Look through the entries below and copy exactly the part that begins with the line containing "A rich, dark" and ends with the line containing "花巻市が、今もっとも力を入れ". Do not copy the pictures.

:::::

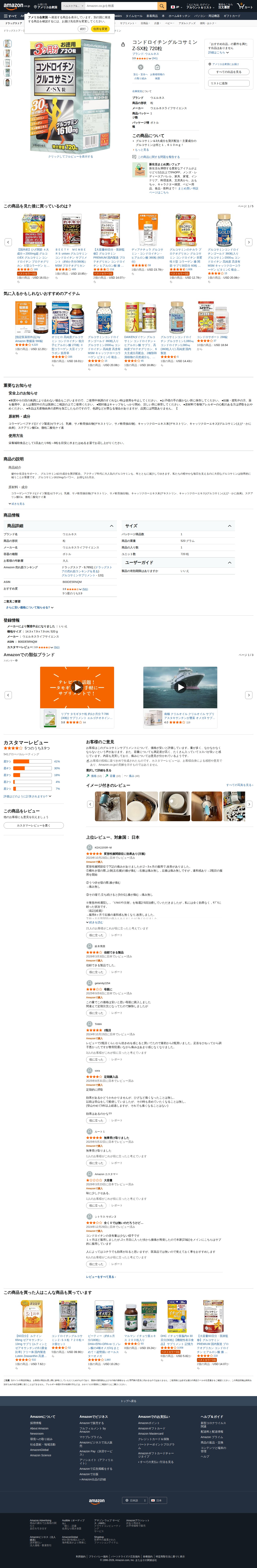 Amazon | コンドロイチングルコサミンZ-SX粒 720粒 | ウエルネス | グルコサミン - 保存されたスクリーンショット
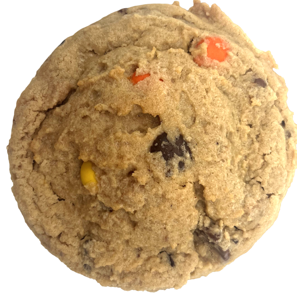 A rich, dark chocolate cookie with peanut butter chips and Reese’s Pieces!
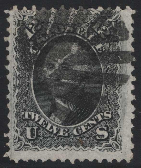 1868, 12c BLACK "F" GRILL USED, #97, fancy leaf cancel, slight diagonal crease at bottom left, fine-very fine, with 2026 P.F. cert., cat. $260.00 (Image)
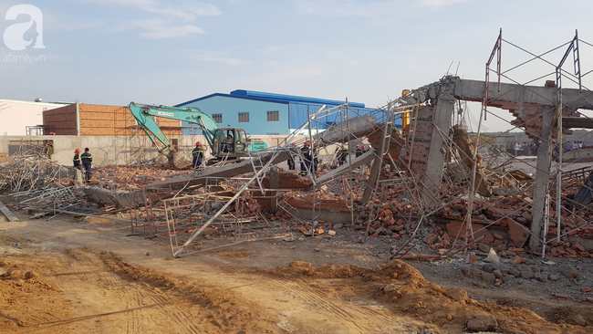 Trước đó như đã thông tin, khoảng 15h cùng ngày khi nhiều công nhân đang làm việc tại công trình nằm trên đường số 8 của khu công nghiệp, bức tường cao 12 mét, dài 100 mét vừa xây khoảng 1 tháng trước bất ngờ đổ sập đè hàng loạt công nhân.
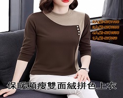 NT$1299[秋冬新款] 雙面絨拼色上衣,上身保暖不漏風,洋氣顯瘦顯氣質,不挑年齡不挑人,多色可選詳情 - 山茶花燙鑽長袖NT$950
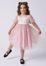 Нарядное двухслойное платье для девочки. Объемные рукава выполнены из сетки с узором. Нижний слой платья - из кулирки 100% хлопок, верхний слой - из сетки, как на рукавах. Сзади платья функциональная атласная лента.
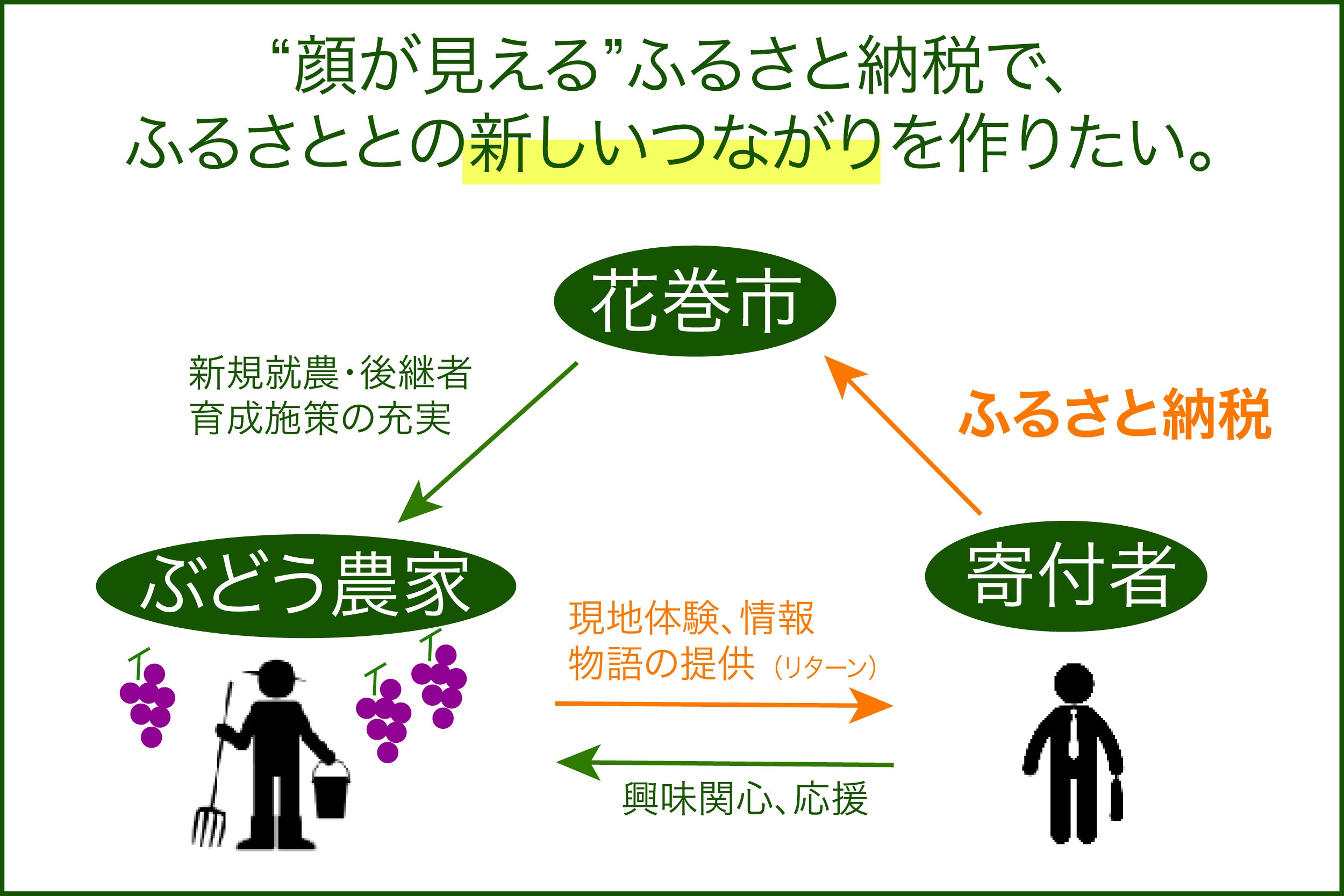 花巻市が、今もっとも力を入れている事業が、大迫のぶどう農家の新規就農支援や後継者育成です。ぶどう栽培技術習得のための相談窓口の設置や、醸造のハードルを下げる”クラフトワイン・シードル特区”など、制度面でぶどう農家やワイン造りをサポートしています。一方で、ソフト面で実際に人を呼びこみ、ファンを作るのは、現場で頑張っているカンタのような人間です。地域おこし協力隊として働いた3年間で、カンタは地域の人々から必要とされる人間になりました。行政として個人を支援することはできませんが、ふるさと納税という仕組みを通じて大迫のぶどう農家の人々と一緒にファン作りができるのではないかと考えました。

:::::

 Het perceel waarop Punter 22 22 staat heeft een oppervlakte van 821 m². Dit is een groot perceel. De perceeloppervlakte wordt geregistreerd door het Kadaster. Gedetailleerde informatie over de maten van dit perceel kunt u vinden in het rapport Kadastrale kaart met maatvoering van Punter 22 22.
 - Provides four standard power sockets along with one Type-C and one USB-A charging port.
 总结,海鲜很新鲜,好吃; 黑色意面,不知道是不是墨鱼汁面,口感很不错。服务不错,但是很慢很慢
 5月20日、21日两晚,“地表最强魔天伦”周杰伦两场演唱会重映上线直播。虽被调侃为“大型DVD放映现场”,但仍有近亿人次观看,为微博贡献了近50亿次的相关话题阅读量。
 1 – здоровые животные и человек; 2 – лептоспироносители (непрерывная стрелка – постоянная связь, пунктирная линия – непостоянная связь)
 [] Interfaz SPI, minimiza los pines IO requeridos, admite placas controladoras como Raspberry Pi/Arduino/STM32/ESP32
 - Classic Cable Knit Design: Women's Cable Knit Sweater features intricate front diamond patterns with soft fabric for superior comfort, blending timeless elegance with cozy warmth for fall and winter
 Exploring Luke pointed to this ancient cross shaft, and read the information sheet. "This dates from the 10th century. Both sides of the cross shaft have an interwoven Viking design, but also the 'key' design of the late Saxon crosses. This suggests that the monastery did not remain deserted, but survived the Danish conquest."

:::::

> _Task result_:
 A rich, dark chocolate cookie with peanut butter chips and Reese’s Pieces!
 1868, 12c BLACK "F" GRILL USED, #97, fancy leaf cancel, slight diagonal crease at bottom left, fine-very fine, with 2026 P.F. cert., cat. $260.00 (Image)
 Trước đó như đã thông tin, khoảng 15h cùng ngày khi nhiều công nhân đang làm việc tại công trình nằm trên đường số 8 của khu công nghiệp, bức tường cao 12 mét, dài 100 mét vừa xây khoảng 1 tháng trước bất ngờ đổ sập đè hàng loạt công nhân.
 NT$1299[秋冬新款] 雙面絨拼色上衣,上身保暖不漏風,洋氣顯瘦顯氣質,不挑年齡不挑人,多色可選詳情 - 山茶花燙鑽長袖NT$950
 Нарядное двухслойное платье для девочки. Объемные рукава выполнены из сетки с узором. Нижний слой платья - из кулирки 100% хлопок, верхний слой - из сетки, как на рукавах. Сзади платья функциональная атласная лента.
 花巻市が、今もっとも力を入れている事業が、大迫のぶどう農家の新規就農支援や後継者育成です。ぶどう栽培技術習得のための相談窓口の設置や、醸造のハードルを下げる”クラフトワイン・シードル特区”など、制度面でぶどう農家やワイン造りをサポートしています。一方で、ソフト面で実際に人を呼びこみ、ファンを作るのは、現場で頑張っているカンタのような人間です。地域おこし協力隊として働いた3年間で、カンタは地域の人々から必要とされる人間になりました。行政として個人を支援することはできませんが、ふるさと納税という仕組みを通じて大迫のぶどう農家の人々と一緒にファン作りができるのではないかと考えました。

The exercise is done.